To find the molar mass of the carbonate \( M_2CO_3 \), we can follow these steps: ### Step 1: Understand the reaction The reaction of the carbonate \( M_2CO_3 \) with hydrochloric acid (HCl) produces carbon dioxide (CO₂), metal chloride (MCl), and water (H₂O).

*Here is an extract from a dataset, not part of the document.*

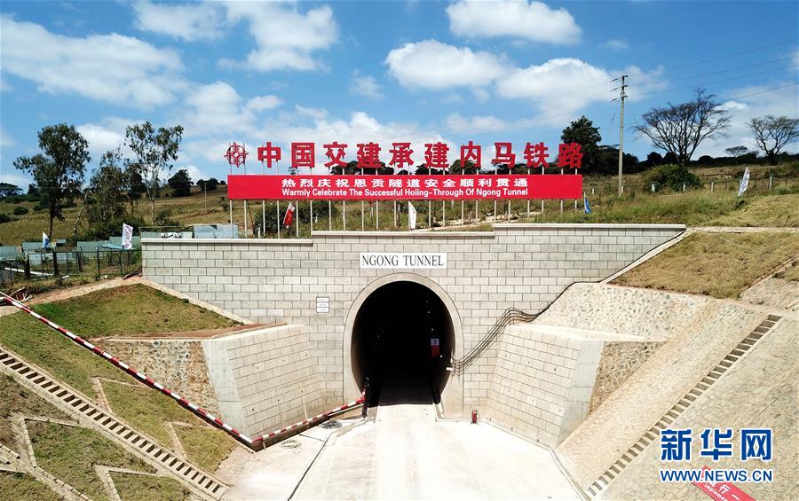 這是9月24日拍攝的內羅畢-馬拉巴標軌鐵路(內馬鐵路)項目第一期恩貢隧道入口(航拍照片)。 由中國交通建設股份有限公司承建的內羅畢-馬拉巴標軌鐵路(內馬鐵路)項目第一期恩貢隧道24日實現(xiàn)貫通。據(jù)悉,恩貢隧道全長約4.5公里,是目前東非地區(qū)最長的鐵路隧道。它的建成標志著內馬鐵路項目第一期取得了突破性進展。 新華社記者王騰攝

The balanced reaction can be written as: \[ M_2CO_3 + 6HCl \rightarrow 2MCl + H_2O + CO_2 \] From this reaction, we can see that 1 mole of \( M_2CO_3 \) produces 1 mole of CO₂. ### Step 2: Relate moles of CO₂ to moles of \( M_2CO_3 \) Given that 0.01186 moles of CO₂ are produced, it follows that: \[ \text{Moles of } M_2CO_3 = \text{Moles of CO₂} = 0.01186 \text{ moles} \] ### Step 3: Use the formula for moles The number of moles can be calculated using the formula: \[ \text{Number of moles} = \frac{\text{Given mass}}{\text{Molar mass}} \] Here, the given mass of \( M_2CO_3 \) is 1 gram. ### Step 4: Set up the equation Substituting the known values into the formula gives: \[ 0.01186 = \frac{1 \text{ g}}{M} \] Where \( M \) is the molar mass of \( M_2CO_3 \). ### Step 5: Rearranging the equation to solve for \( M \) Rearranging the equation to find \( M \): \[ M = \frac{1 \text{ g}}{0.01186} \] ### Step 6: Calculate the molar mass Now, performing the calculation: \[ M = \frac{1}{0.01186} \approx 84.3 \text{ g/mol} \] ### Conclusion Thus, the molar mass of \( M_2CO_3 \) is approximately \( 84.3 \text{ g/mol} \).